MURDERERS in Scotland face heavier sentences – the worst killers receiving "life to mean life" – if appeal judges heed a call by the Lord Advocate, Elish Angiolini, QC.

The country's senior prosecutor complained that a sentencing scale for murder of 12 to 30 years in jail was too compressed and inadequate for exceptional cases, such as terrorism or repeated sexual violence.

She said a period which exceeded the natural life expectancy of the offender "may be appropriate."

Mrs Angiolini highlighted Scotland's unwanted title of the homicide capital of the UK, and made specific mention of knife crime. The lives of innocent strangers or passers-by were often seen by assailants as "a cheap commodity", she said

Five judges in the Court of Criminal Appeal in Edinburgh, headed by Lord Hamilton, the Lord Justice-General, are being asked by Mrs Angiolini to issue new and tougher sentencing guidelines for murder cases.

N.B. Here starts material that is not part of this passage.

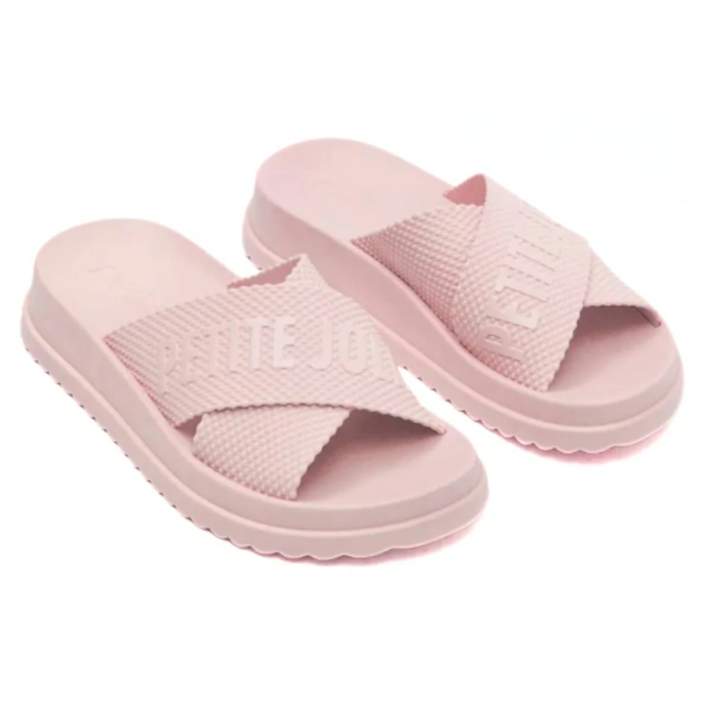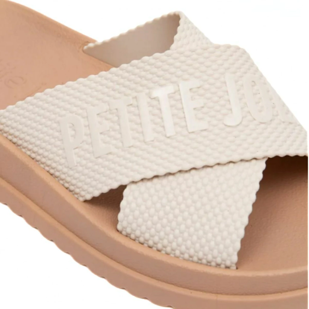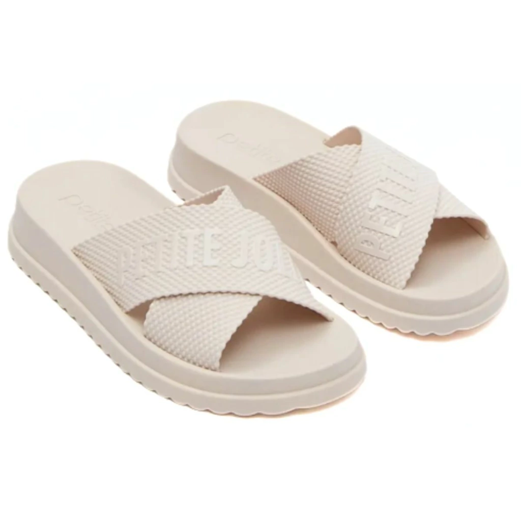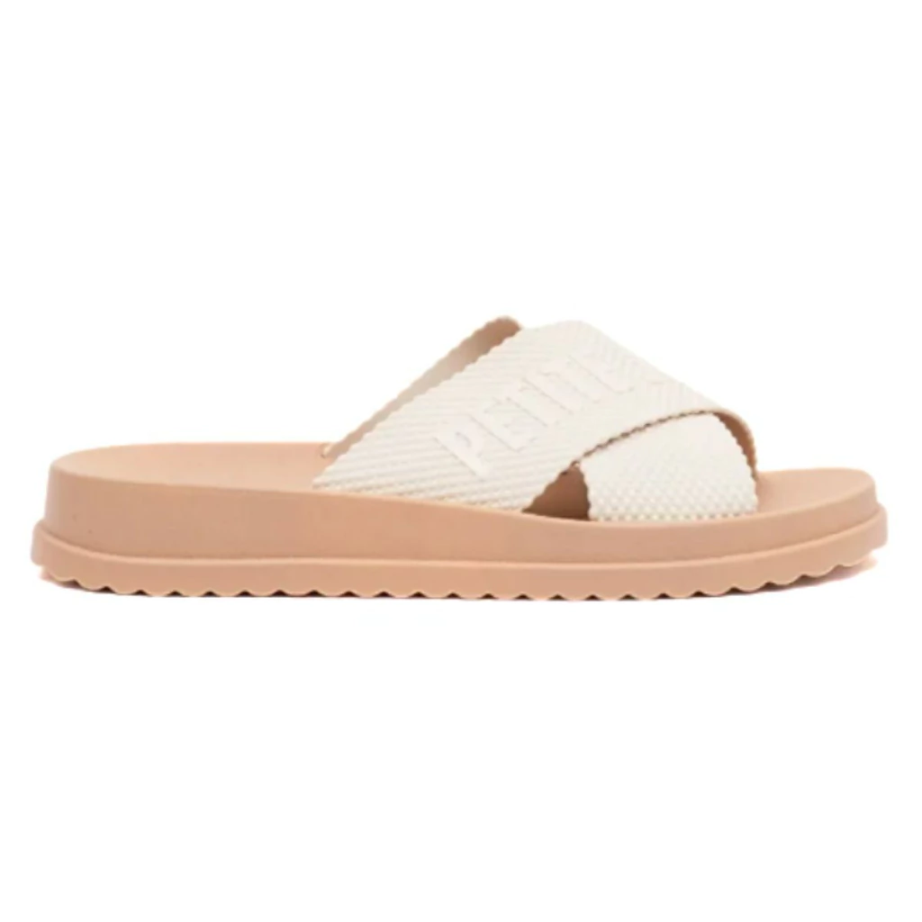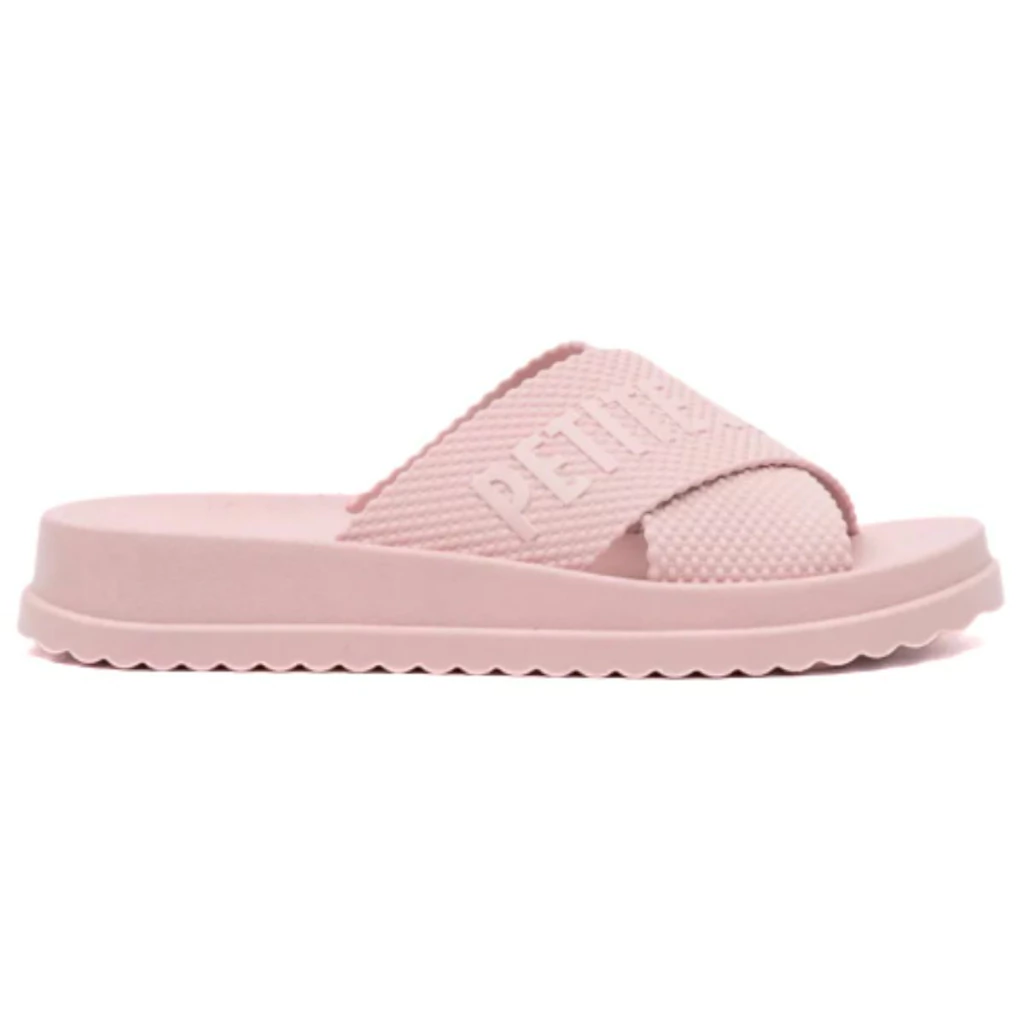 Chinelo Feminino Petite Jolie Smash PJ6812II é um modelo de chinelo slide feminino da marca Petite Jolie, conhecido por seu design moderno e conforto excepcional. Fabricado com o material exclusivo J-Lastic Soft, um PVC expandido mais macio e impermeável, o chinelo possui duas tiras largas cruzadas sobre o pé com texturas e aplicação do logo da marca em destaque. O solado é levemente tratorado, proporcionando maior aderência e segurança ao caminhar. Com altura de salto de aproximadamente 3 cm, é ideal para uso diário, seja em ambientes urbanos ou na natureza.

The hearing is due to last a number of days, and the court's decision will be given later.

The Lord Advocate is using two specific cases to make her pitch for a fresh approach to sentencing.

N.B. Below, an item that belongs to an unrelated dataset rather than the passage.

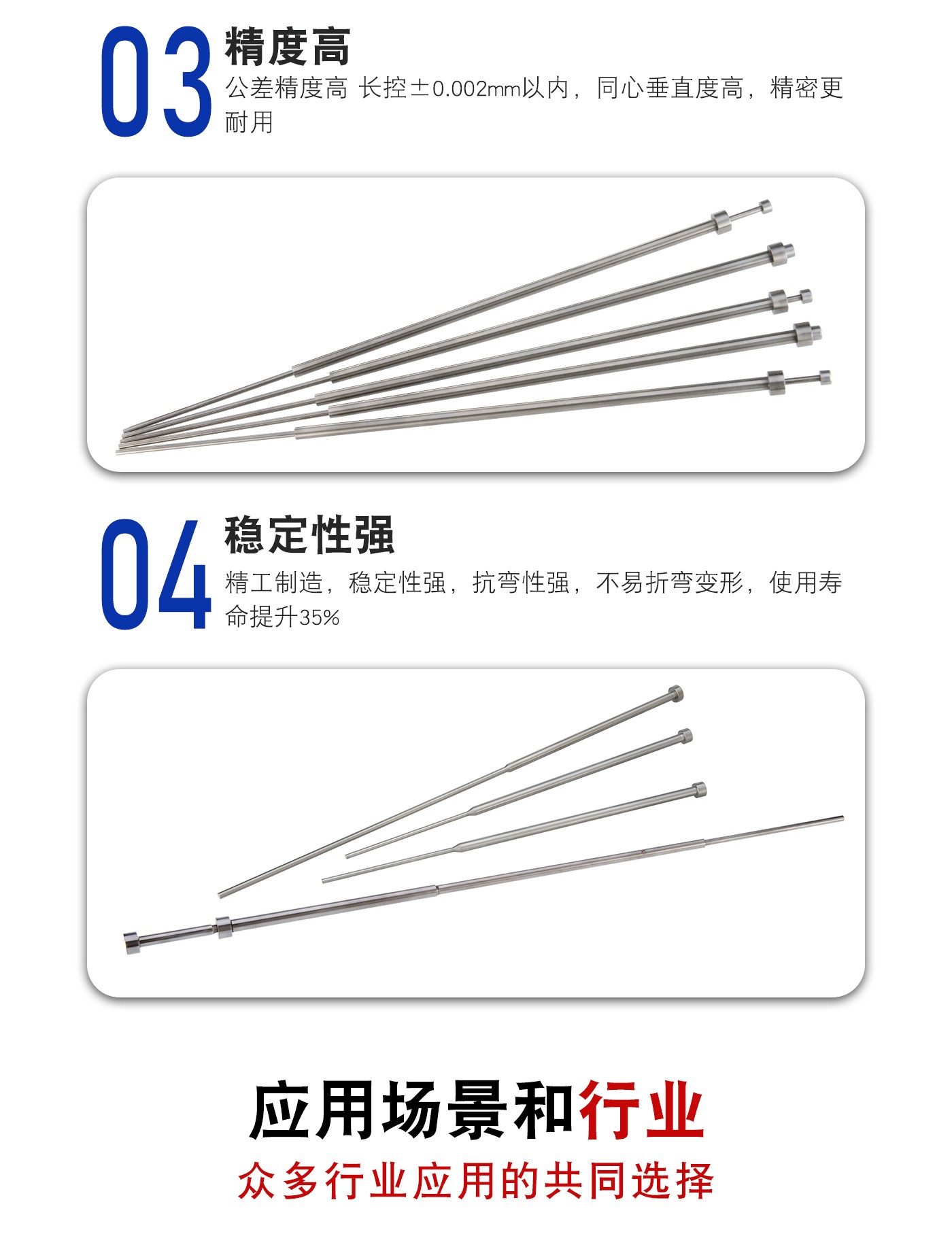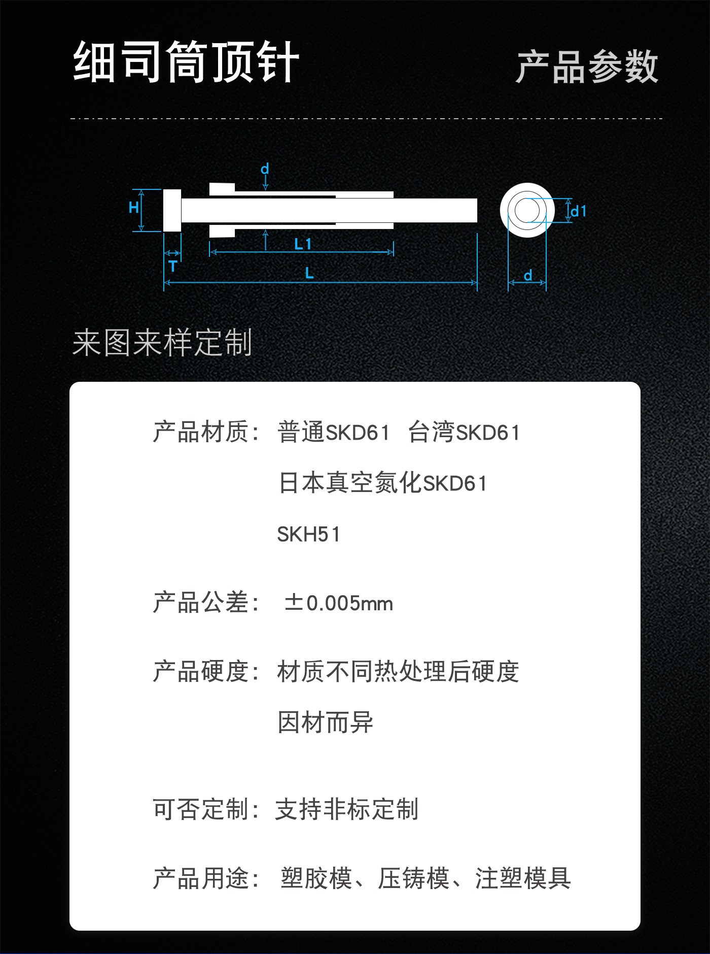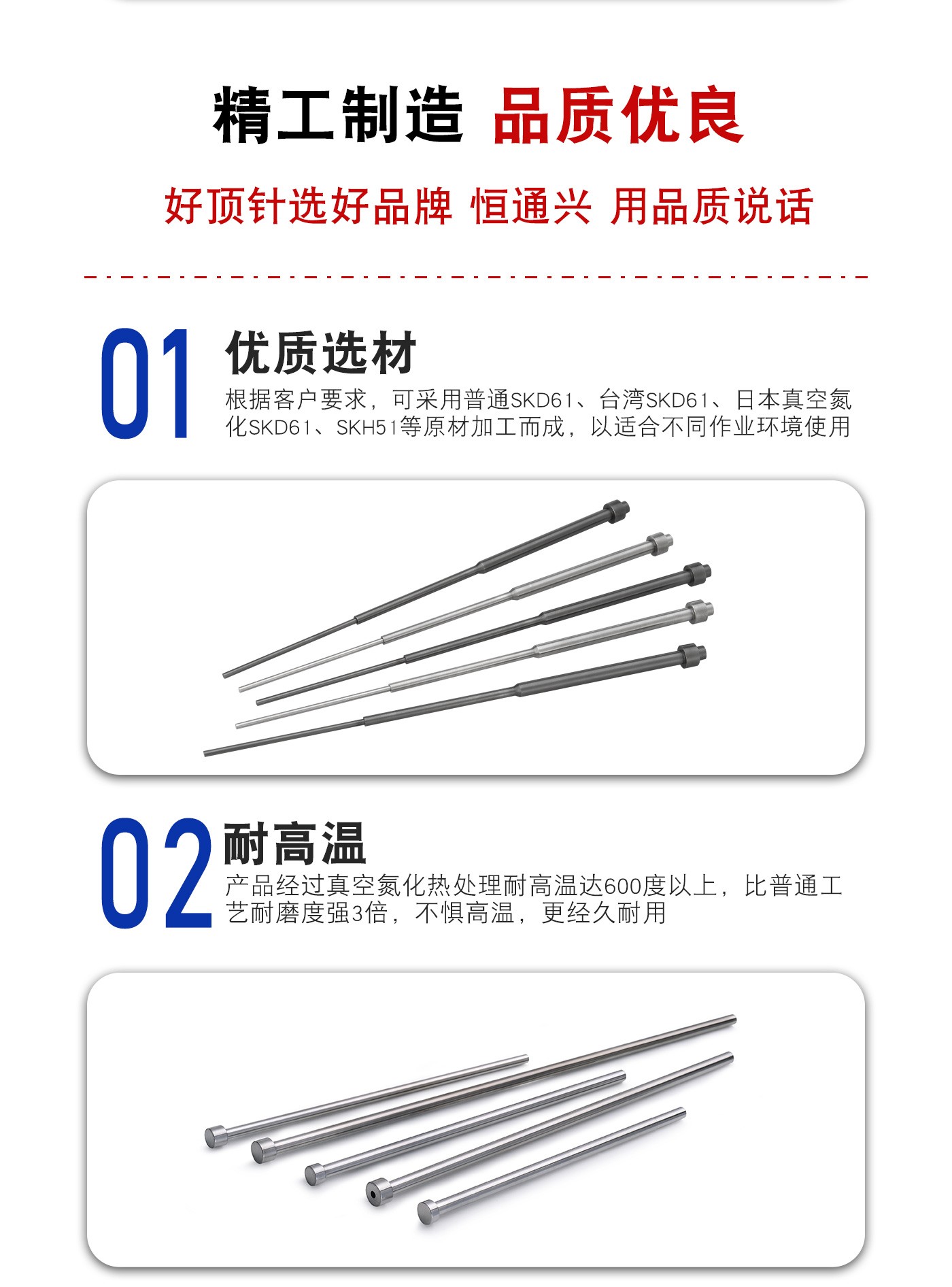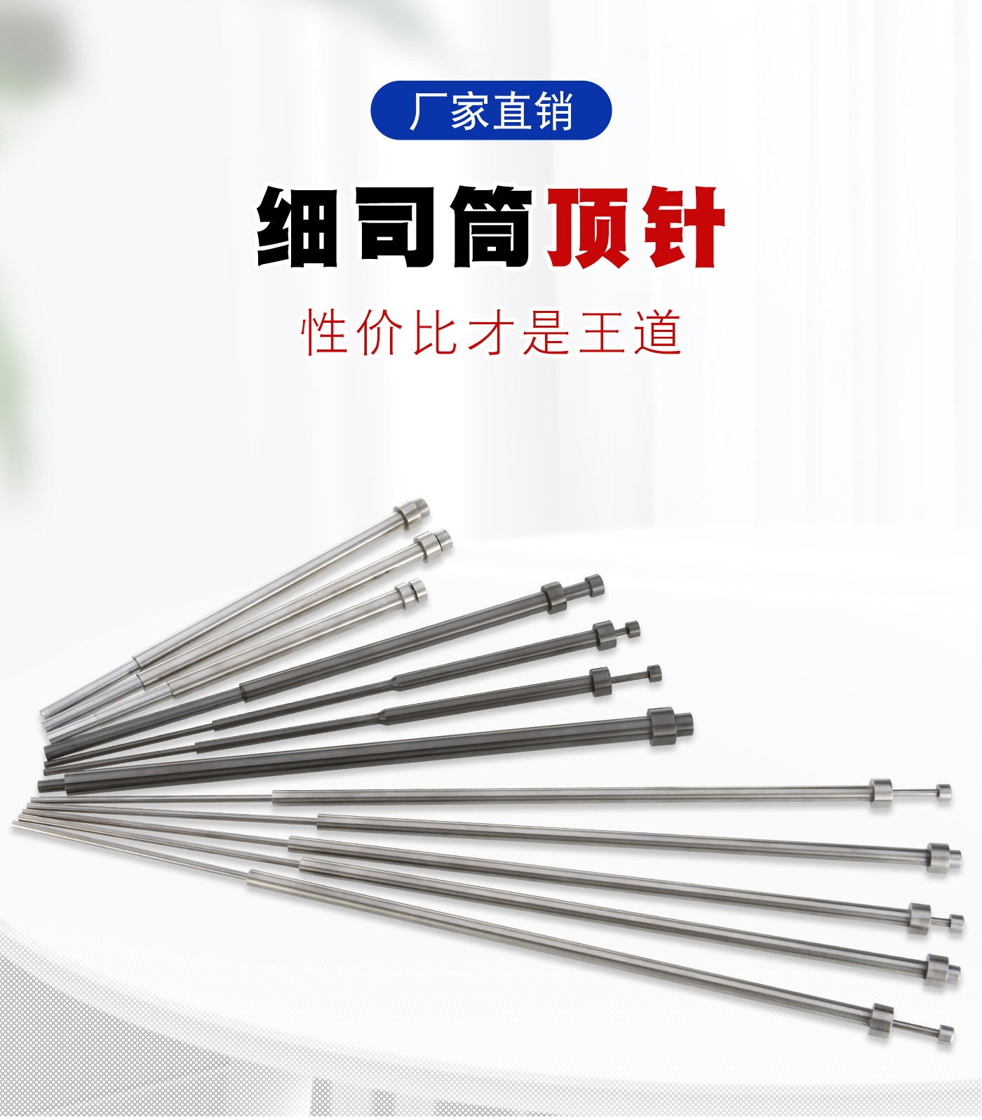 恒通興專業(yè)加工細司筒頂針,21年塑膠模具配件頂針加工經(jīng)驗,優(yōu)質(zhì)選材,真空氮化處理,硬度高,產(chǎn)品耐高溫600度,公差精密,同心度高經(jīng)久耐用,標準規(guī)格型號齊全,現(xiàn)貨10萬庫存,非標來圖來樣加工定制。

She contends unduly lenient sentences were given to Robert Kelly, 34 – jailed for at least 15 years for strangling a grandmother and hiding her body under floorboards in a flat in Glasgow – and to Bryan Boyle, 21, and Greig Maddock, 23, who received minimum terms of 15 and 12 years for the murder of a man who was set on fire in Dunfermline, Fife.

Anyone convicted of murder in Scotland receives a mandatory life sentence. Judges also have to impose a "punishment part" – the period which must be served before an application can be made for parole.

In a benchmark judgment in 2002, the appeal court reduced from 30 to 27 years the punishment part imposed on Andrew Walker, a former Royal Scots corporal who had shot dead three people in an army payroll robbery.

Following that ruling, judges used 12 years as the "norm" in murder cases, going up or down depending on the aggravating or mitigating features.

Mrs Angiolini said the Walker judgment had led to a "relatively compressed" scale for punishment parts of 12 to 30 years.

In England and Wales, the starting point was 15 years, and that system appeared to result in significantly higher punishment parts.

Referring to the Scottish scale, she stated: "It is inadequate to reflect the wide range of conduct which may amount to murder, and fails to reflect adequately the exceptionally serious cases of murder, particularly those involving multiple victims, terrorism, or persistent sexual violence against vulnerable adults or children."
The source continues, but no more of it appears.